Monitor Settings
Example Data Table
| Domain | IPs | IP Hits | Domain Hits | Risk | Suggested action |
|---|---|---|---|---|---|
| example.com | 93.184.216.34 | 0/18 | 0/2 | 12/100 Minimal | Continue scheduled monitoring. |
| sample-mail.test | 203.0.113.55 | 2/18 | 0/2 | 66/100 High | Request delisting. Improve SPF, DMARC, and DKIM. |
| phishy-site.demo | 198.51.100.90 | 1/18 | 1/2 | 84/100 Critical | Pause campaigns. Investigate compromise and clean sources. |
Formula Used
The calculator produces a Risk Score (0–100) using three parts:
-
Listing score (0–80): weighted hit ratio across selected sources.
listingScore = round((listedWeight / totalWeight) × 80)
-
Hygiene score (0–15): missing SPF/DMARC/DKIM/MX adds risk if selected.
hygieneScore = round((1 − passRatio) × 15)
-
Latency score (0–5): slower DNS responses add up to 5 points.
latencyScore = min(5, round((avgMs − 800)/400))
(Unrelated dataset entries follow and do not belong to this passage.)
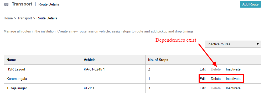 Click Edit beside the route to edit the route details, Inactivate to inactivate the route details or click Delete beside the route you want to delete (possible only if there are not dependencies).
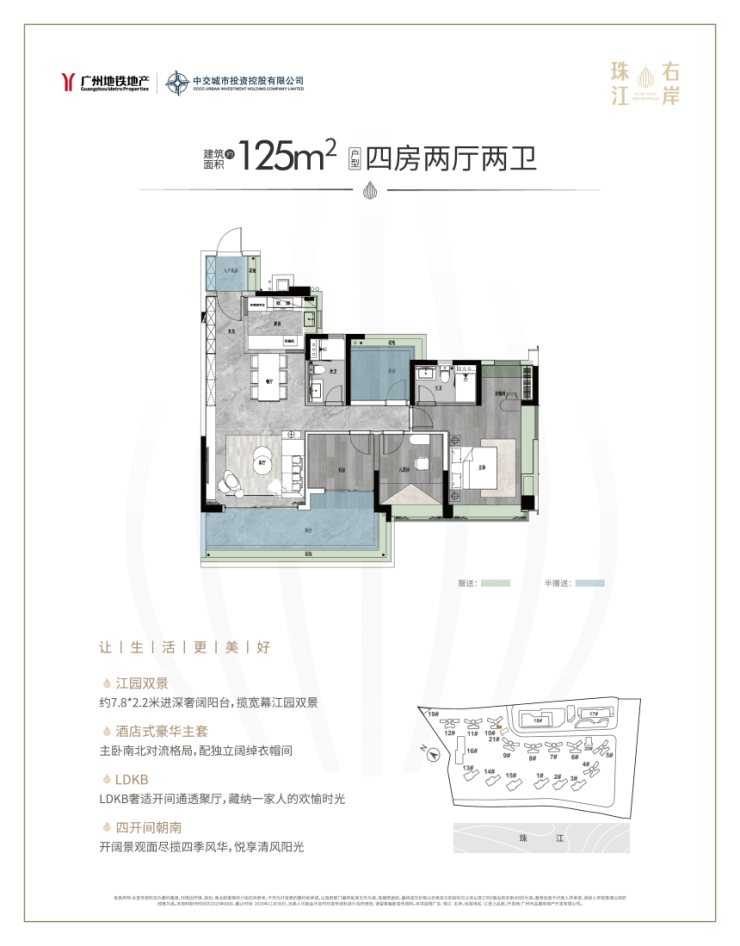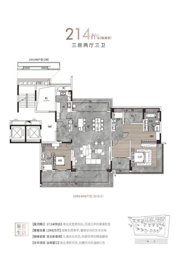214㎡大平层:2梯2户设计,独立电梯厅,15米南向展宽,7.8米江景阳台。
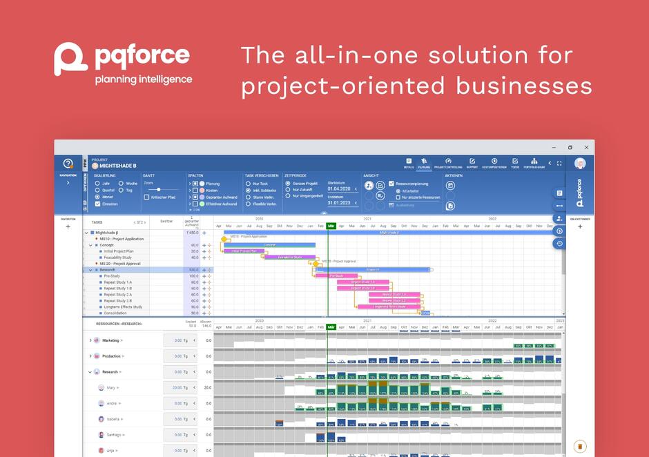 PQFORCE ist eine Schweizer Cloud-Plattform für Projektportfolio-, Ressourcen- und Kompetenzmanagement. Sie hilft Unternehmen jeder Grösse, Portfolios zentral zu steuern, Projekte effizient umzusetzen und Ressourcen sowie Kompetenzen optimal abzustimmen.
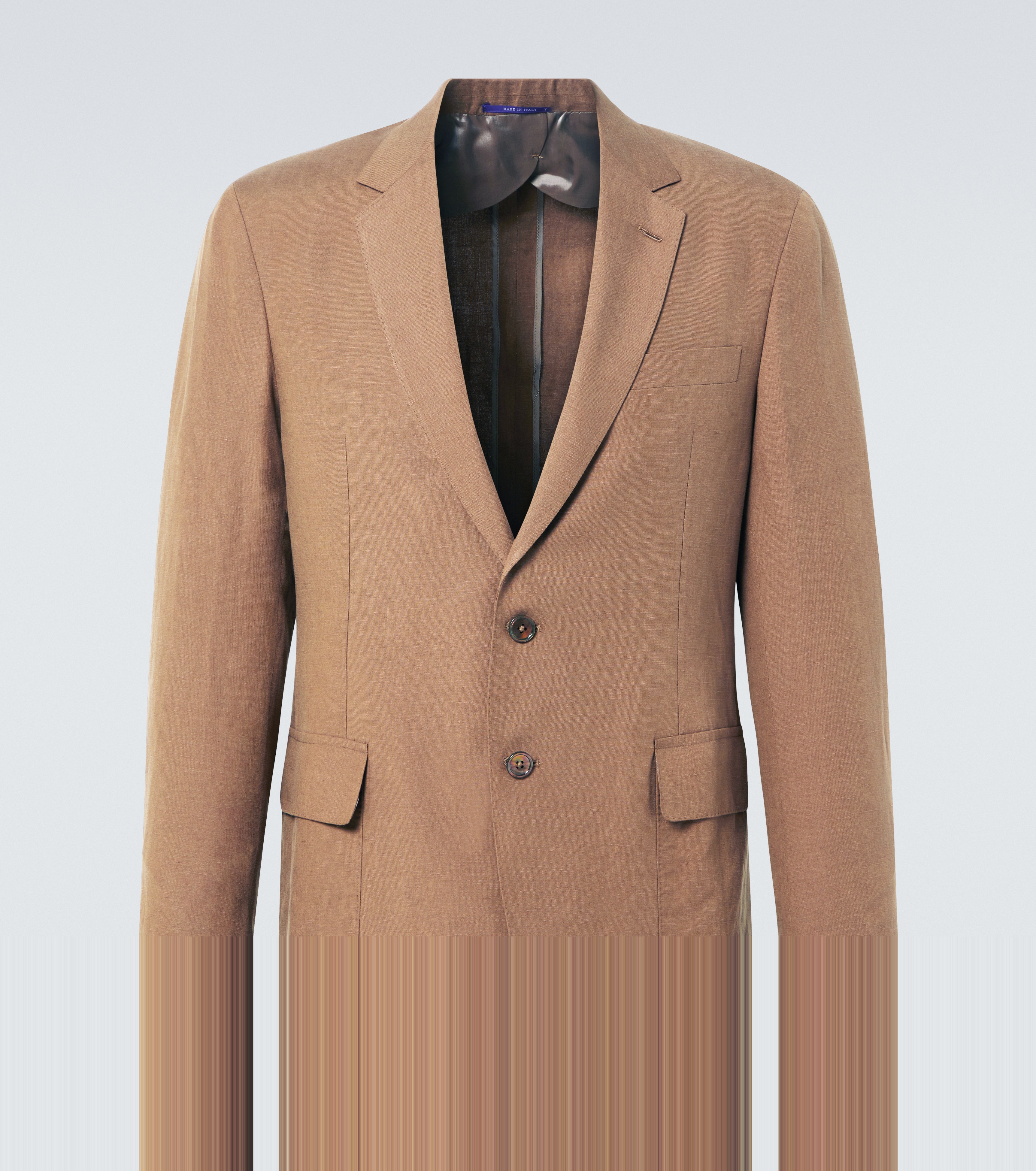 Product Details - Material: 51% silk, 49% linen - Care instructions: dry clean - Made in Italy - Designer color name: Espresso - Pockets: flap pockets - Closure: single-breasted (two buttons) - Contains non-textile parts of animal origin - Lining: 100% cupro - Item number: P00985172 Size & Fit - True to size - Shoulder pad inserts - Slim fit - Non-stretchy fabric - Falls below the hip - Height of model is 192cm-75.5" and wears a size UK 40
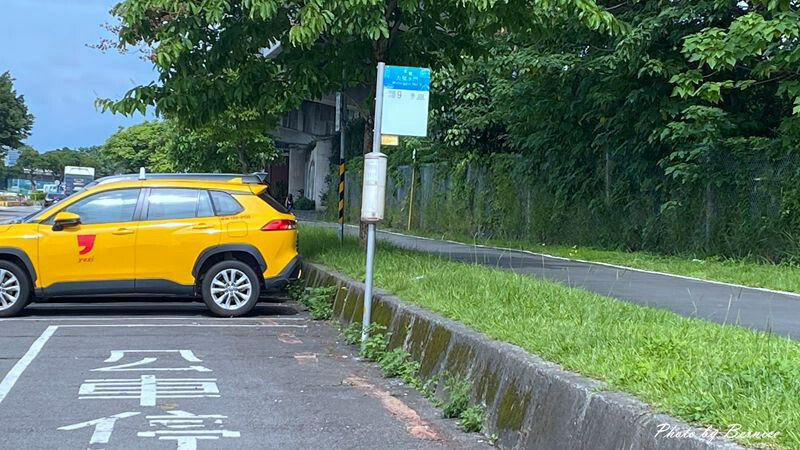 **近九號水門處竟然有公車站牌耶,這是離花海最近大眾運輸
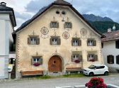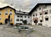 Unsere Reise beginnt in Scuol (Schuls), auf 1.290 Metern über dem Meer. Das charmante Dorf im Engadin begeistert uns sofort: wunderschöne Engadiner Häuser mit bemalten Fassaden, enge Gassen und ringsum die gewaltigen Berge der Unterengadiner Alpen. Tief unterhalb des Orts rauscht der Inn durch das Tal – bei Sonnenschein türkisblau, heute eher blaugrau. Eindrucksvoll dagegen die satt grünen Wälder und hohen grauen Felswände. Nach dem Einchecken im Hotel genießen wir ein Abendessen und unternehmen noch einen kleinen Spaziergang durch das Dorf. Als wir zur Kirche gelangen, dürfen wir zufällig einer Probe der örtlichen Jugend-Brass-Band lauschen – ein wunderschöner, sinnlicher Moment in dieser ruhigen Abendstimmung. Zurück im Hotel entdecken wir dann noch eine kleine technische Überraschung: eine moderne WC-Dusche, wie man sie eher aus anderen Ländern kennt.
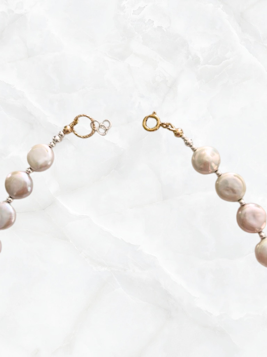 • tijgeroog • coinparel • goldfilled • sterling zilver • totale lengte ketting ca. 45,5 cm

risk = clamp(listingScore + hygieneScore + latencyScore, 0, 100)
How to Use This Calculator
- Enter one or more domains or subdomains.
- Select check mode and preferred sources.
- Enable hygiene checks for DNS authentication signals.
- Set your base interval and alert threshold.
- Run the monitor and open per-domain details.
- Export CSV or PDF for audits and tracking.
FAQs
1) What does “listed” mean here?
A selected source returned a positive result for your IP or domain. Listings may reduce inbox placement, block mail, or trigger reputation warnings on some systems.
2) Why do some domains skip IP checks?
If the domain has no A record, or resolves only to non-IPv4 addresses, IP-based DNSBL queries are skipped. Domain checks and hygiene signals still work.
3) Is a high risk score a confirmed compromise?
Not always. It means stronger negative signals. Verify with the specific list provider, check logs for unusual sending, and scan accounts for abuse or malware.
4) Why might results differ across networks?
DNS caching, resolver behavior, and blacklist query limits can vary. Run checks from the environment that sends mail or hosts your services for best alignment.
5) What should I do first if listed?
Pause questionable outbound traffic, fix authentication and security issues, then follow the delisting instructions for each provider. Keep timestamps, IPs, and evidence for support tickets.
6) How do SPF, DKIM, and DMARC help?
They reduce spoofing and improve identity consistency. They don’t remove listings directly, but missing records can increase risk and prolong reputation recovery.
7) Can I monitor subdomains separately?
Yes. Enter each subdomain on its own line. Subdomains may use different infrastructure and DNS records, leading to different reputation outcomes.
8) How often should I run checks?
Use longer intervals for low risk, and shorten checks as risk rises. The monitor suggests an interval based on the highest score in the current run.